[Exercise data — start]

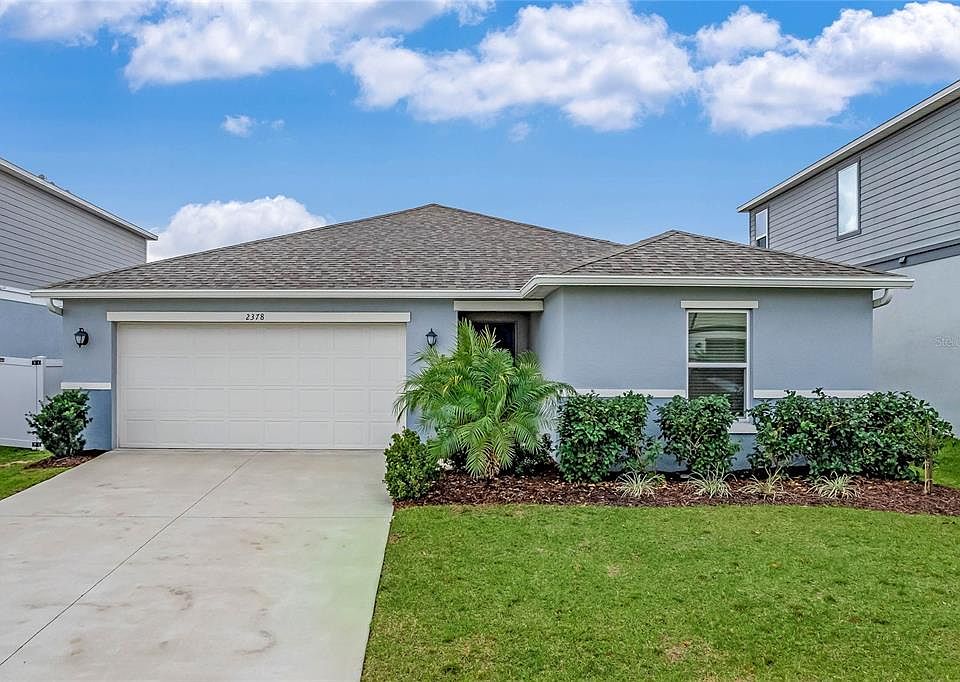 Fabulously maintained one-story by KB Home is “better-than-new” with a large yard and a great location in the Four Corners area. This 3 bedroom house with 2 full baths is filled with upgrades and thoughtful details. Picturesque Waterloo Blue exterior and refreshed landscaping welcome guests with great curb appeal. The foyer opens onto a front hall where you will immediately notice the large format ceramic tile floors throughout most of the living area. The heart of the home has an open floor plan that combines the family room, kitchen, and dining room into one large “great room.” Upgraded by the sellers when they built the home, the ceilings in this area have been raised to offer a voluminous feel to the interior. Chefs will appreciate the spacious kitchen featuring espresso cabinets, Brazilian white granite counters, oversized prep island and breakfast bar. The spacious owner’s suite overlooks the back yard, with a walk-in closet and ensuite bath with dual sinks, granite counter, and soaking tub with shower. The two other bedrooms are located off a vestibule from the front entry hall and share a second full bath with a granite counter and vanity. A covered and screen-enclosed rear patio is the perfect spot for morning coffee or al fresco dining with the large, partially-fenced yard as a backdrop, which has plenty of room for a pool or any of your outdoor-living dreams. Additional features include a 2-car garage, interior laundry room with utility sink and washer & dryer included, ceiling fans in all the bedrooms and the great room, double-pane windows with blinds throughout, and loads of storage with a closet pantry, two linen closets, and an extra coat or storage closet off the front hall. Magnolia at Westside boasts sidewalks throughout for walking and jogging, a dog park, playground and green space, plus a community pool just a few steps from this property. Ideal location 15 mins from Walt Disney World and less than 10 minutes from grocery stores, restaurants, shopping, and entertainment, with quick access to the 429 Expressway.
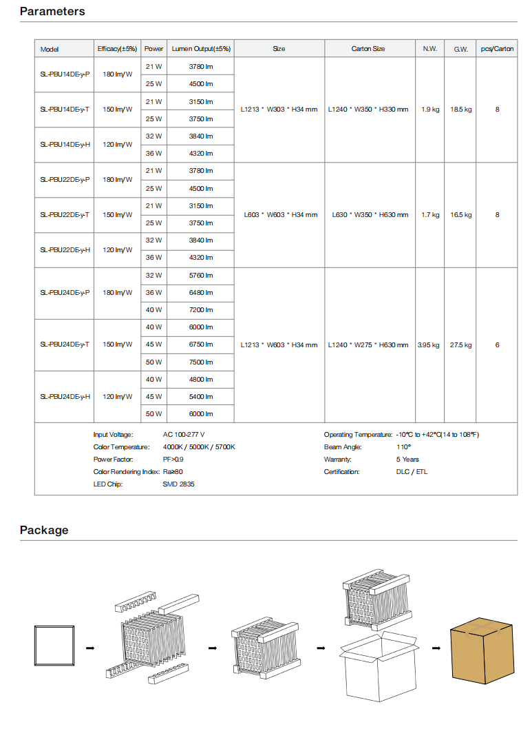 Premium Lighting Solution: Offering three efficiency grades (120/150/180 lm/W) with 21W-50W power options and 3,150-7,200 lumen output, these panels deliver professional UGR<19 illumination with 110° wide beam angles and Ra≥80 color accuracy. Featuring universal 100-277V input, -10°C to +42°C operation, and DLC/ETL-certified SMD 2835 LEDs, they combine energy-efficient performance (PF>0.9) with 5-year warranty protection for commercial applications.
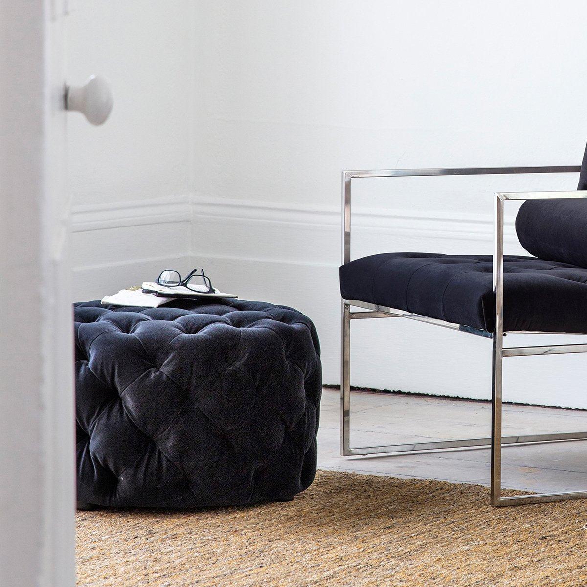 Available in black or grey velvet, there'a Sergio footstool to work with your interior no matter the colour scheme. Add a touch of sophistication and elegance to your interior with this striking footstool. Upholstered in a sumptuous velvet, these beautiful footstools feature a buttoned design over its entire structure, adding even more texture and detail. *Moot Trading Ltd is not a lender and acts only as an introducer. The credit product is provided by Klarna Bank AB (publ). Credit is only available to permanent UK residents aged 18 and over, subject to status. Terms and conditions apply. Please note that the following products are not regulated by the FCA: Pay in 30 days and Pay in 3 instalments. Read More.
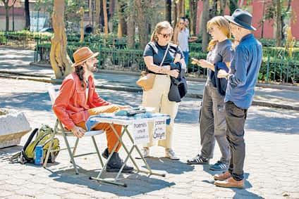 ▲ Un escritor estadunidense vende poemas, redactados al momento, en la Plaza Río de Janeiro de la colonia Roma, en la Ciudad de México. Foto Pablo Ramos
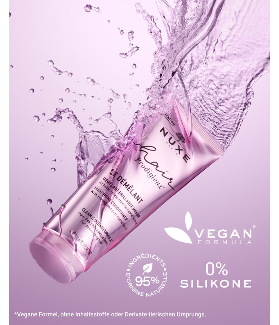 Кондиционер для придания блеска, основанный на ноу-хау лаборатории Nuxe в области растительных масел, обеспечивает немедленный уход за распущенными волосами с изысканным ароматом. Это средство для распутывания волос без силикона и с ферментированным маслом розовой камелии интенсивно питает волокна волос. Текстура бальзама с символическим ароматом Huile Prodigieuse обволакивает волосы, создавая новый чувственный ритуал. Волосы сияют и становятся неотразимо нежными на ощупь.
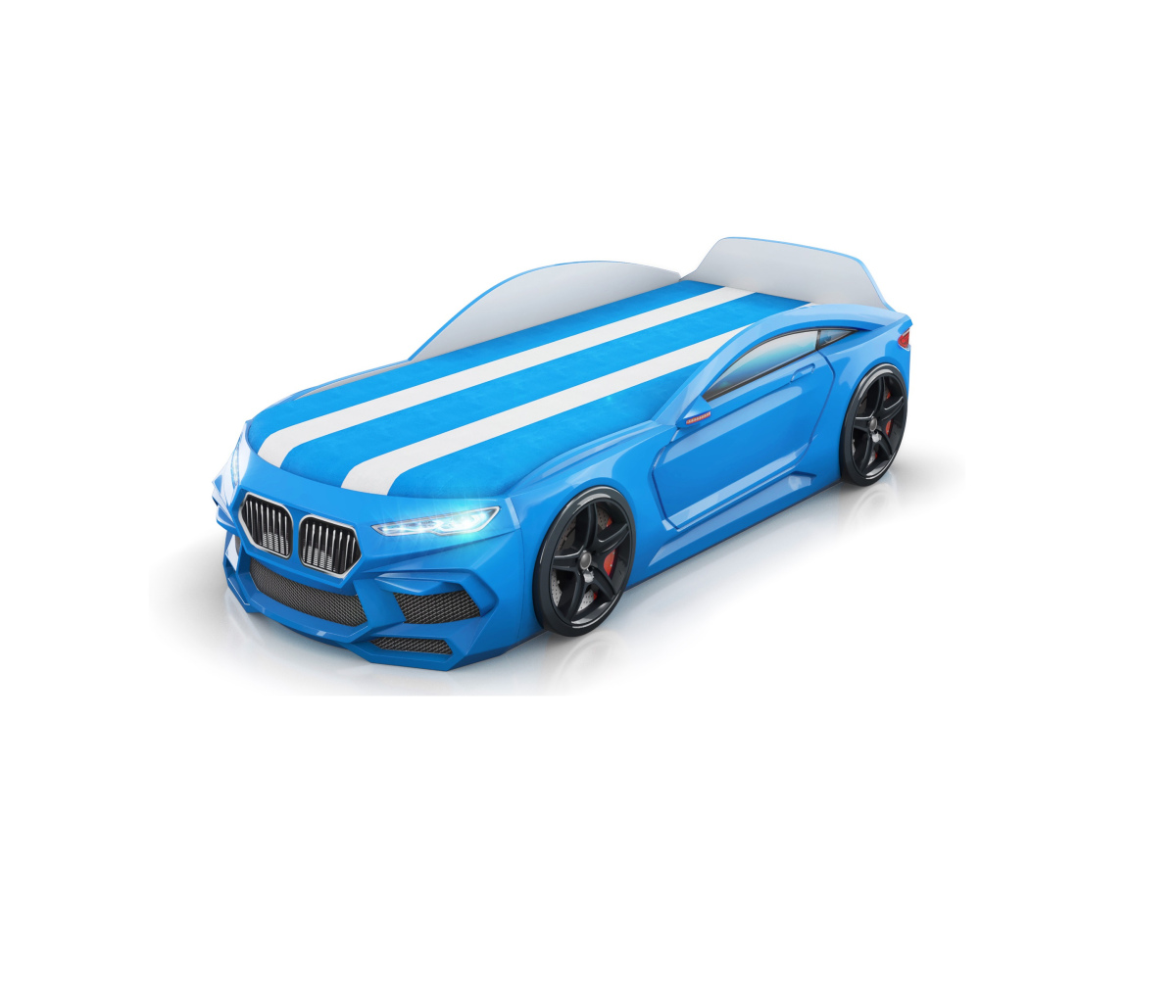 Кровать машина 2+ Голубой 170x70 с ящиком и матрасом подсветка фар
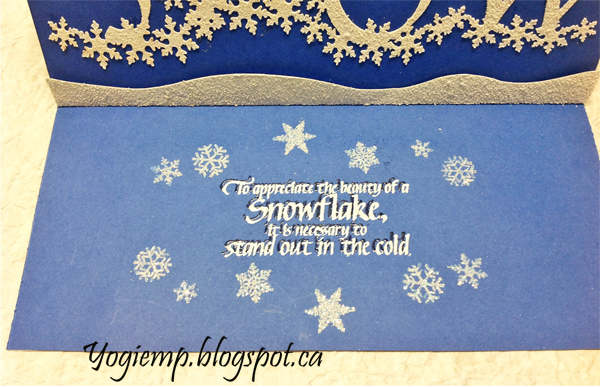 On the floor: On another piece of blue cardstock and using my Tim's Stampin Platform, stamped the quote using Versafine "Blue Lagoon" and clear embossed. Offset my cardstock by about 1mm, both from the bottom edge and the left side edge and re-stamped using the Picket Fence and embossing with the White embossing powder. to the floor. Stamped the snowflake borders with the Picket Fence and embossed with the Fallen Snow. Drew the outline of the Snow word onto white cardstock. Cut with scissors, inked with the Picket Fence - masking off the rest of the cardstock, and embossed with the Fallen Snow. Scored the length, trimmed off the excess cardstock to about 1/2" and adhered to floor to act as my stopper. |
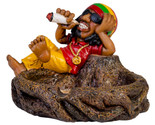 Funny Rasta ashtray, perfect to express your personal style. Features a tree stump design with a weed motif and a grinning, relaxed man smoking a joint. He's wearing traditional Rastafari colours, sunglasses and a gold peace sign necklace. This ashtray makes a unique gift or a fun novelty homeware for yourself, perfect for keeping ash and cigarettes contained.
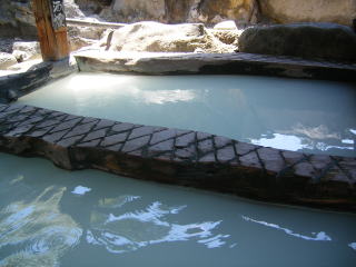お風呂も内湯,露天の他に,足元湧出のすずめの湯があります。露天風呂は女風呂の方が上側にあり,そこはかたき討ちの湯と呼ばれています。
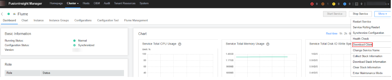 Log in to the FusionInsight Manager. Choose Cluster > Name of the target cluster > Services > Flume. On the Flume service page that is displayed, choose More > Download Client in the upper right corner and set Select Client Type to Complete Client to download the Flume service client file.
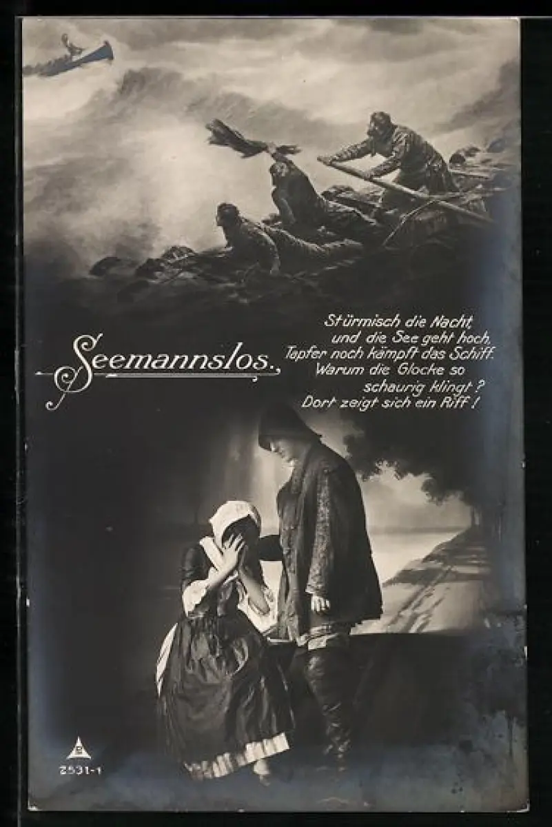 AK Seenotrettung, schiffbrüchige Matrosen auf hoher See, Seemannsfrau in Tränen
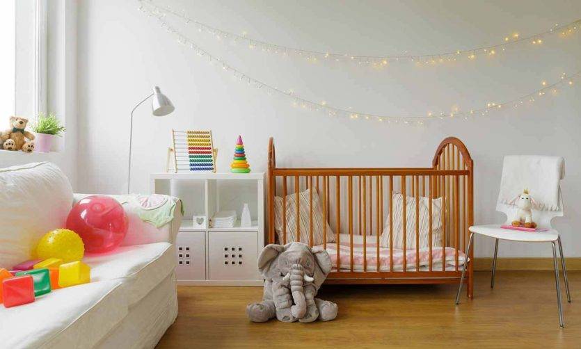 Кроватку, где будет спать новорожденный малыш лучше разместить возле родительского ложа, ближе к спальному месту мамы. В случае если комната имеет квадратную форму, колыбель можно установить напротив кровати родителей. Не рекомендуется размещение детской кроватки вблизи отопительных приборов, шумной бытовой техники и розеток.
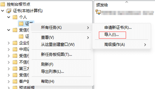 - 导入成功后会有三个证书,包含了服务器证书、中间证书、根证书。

[Exercise data — finish]

**Work order**
Copy out every line of the data above, taking care to leave the pictures out.

**Expected answer**
 Fabulously maintained one-story by KB Home is “better-than-new” with a large yard and a great location in the Four Corners area. This 3 bedroom house with 2 full baths is filled with upgrades and thoughtful details. Picturesque Waterloo Blue exterior and refreshed landscaping welcome guests with great curb appeal. The foyer opens onto a front hall where you will immediately notice the large format ceramic tile floors throughout most of the living area. The heart of the home has an open floor plan that combines the family room, kitchen, and dining room into one large “great room.” Upgraded by the sellers when they built the home, the ceilings in this area have been raised to offer a voluminous feel to the interior. Chefs will appreciate the spacious kitchen featuring espresso cabinets, Brazilian white granite counters, oversized prep island and breakfast bar. The spacious owner’s suite overlooks the back yard, with a walk-in closet and ensuite bath with dual sinks, granite counter, and soaking tub with shower. The two other bedrooms are located off a vestibule from the front entry hall and share a second full bath with a granite counter and vanity. A covered and screen-enclosed rear patio is the perfect spot for morning coffee or al fresco dining with the large, partially-fenced yard as a backdrop, which has plenty of room for a pool or any of your outdoor-living dreams. Additional features include a 2-car garage, interior laundry room with utility sink and washer & dryer included, ceiling fans in all the bedrooms and the great room, double-pane windows with blinds throughout, and loads of storage with a closet pantry, two linen closets, and an extra coat or storage closet off the front hall. Magnolia at Westside boasts sidewalks throughout for walking and jogging, a dog park, playground and green space, plus a community pool just a few steps from this property. Ideal location 15 mins from Walt Disney World and less than 10 minutes from grocery stores, restaurants, shopping, and entertainment, with quick access to the 429 Expressway.
 Premium Lighting Solution: Offering three efficiency grades (120/150/180 lm/W) with 21W-50W power options and 3,150-7,200 lumen output, these panels deliver professional UGR<19 illumination with 110° wide beam angles and Ra≥80 color accuracy. Featuring universal 100-277V input, -10°C to +42°C operation, and DLC/ETL-certified SMD 2835 LEDs, they combine energy-efficient performance (PF>0.9) with 5-year warranty protection for commercial applications.
 Available in black or grey velvet, there'a Sergio footstool to work with your interior no matter the colour scheme. Add a touch of sophistication and elegance to your interior with this striking footstool. Upholstered in a sumptuous velvet, these beautiful footstools feature a buttoned design over its entire structure, adding even more texture and detail. *Moot Trading Ltd is not a lender and acts only as an introducer. The credit product is provided by Klarna Bank AB (publ). Credit is only available to permanent UK residents aged 18 and over, subject to status. Terms and conditions apply. Please note that the following products are not regulated by the FCA: Pay in 30 days and Pay in 3 instalments. Read More.
 ▲ Un escritor estadunidense vende poemas, redactados al momento, en la Plaza Río de Janeiro de la colonia Roma, en la Ciudad de México. Foto Pablo Ramos
 Кондиционер для придания блеска, основанный на ноу-хау лаборатории Nuxe в области растительных масел, обеспечивает немедленный уход за распущенными волосами с изысканным ароматом. Это средство для распутывания волос без силикона и с ферментированным маслом розовой камелии интенсивно питает волокна волос. Текстура бальзама с символическим ароматом Huile Prodigieuse обволакивает волосы, создавая новый чувственный ритуал. Волосы сияют и становятся неотразимо нежными на ощупь.
 Кровать машина 2+ Голубой 170x70 с ящиком и матрасом подсветка фар
 On the floor: On another piece of blue cardstock and using my Tim's Stampin Platform, stamped the quote using Versafine "Blue Lagoon" and clear embossed. Offset my cardstock by about 1mm, both from the bottom edge and the left side edge and re-stamped using the Picket Fence and embossing with the White embossing powder. to the floor. Stamped the snowflake borders with the Picket Fence and embossed with the Fallen Snow. Drew the outline of the Snow word onto white cardstock. Cut with scissors, inked with the Picket Fence - masking off the rest of the cardstock, and embossed with the Fallen Snow. Scored the length, trimmed off the excess cardstock to about 1/2" and adhered to floor to act as my stopper. |
 Funny Rasta ashtray, perfect to express your personal style. Features a tree stump design with a weed motif and a grinning, relaxed man smoking a joint. He's wearing traditional Rastafari colours, sunglasses and a gold peace sign necklace. This ashtray makes a unique gift or a fun novelty homeware for yourself, perfect for keeping ash and cigarettes contained.
お風呂も内湯,露天の他に,足元湧出のすずめの湯があります。露天風呂は女風呂の方が上側にあり,そこはかたき討ちの湯と呼ばれています。
 Log in to the FusionInsight Manager. Choose Cluster > Name of the target cluster > Services > Flume. On the Flume service page that is displayed, choose More > Download Client in the upper right corner and set Select Client Type to Complete Client to download the Flume service client file.
 AK Seenotrettung, schiffbrüchige Matrosen auf hoher See, Seemannsfrau in Tränen
 Кроватку, где будет спать новорожденный малыш лучше разместить возле родительского ложа, ближе к спальному месту мамы. В случае если комната имеет квадратную форму, колыбель можно установить напротив кровати родителей. Не рекомендуется размещение детской кроватки вблизи отопительных приборов, шумной бытовой техники и розеток.
 - 导入成功后会有三个证书,包含了服务器证书、中间证书、根证书。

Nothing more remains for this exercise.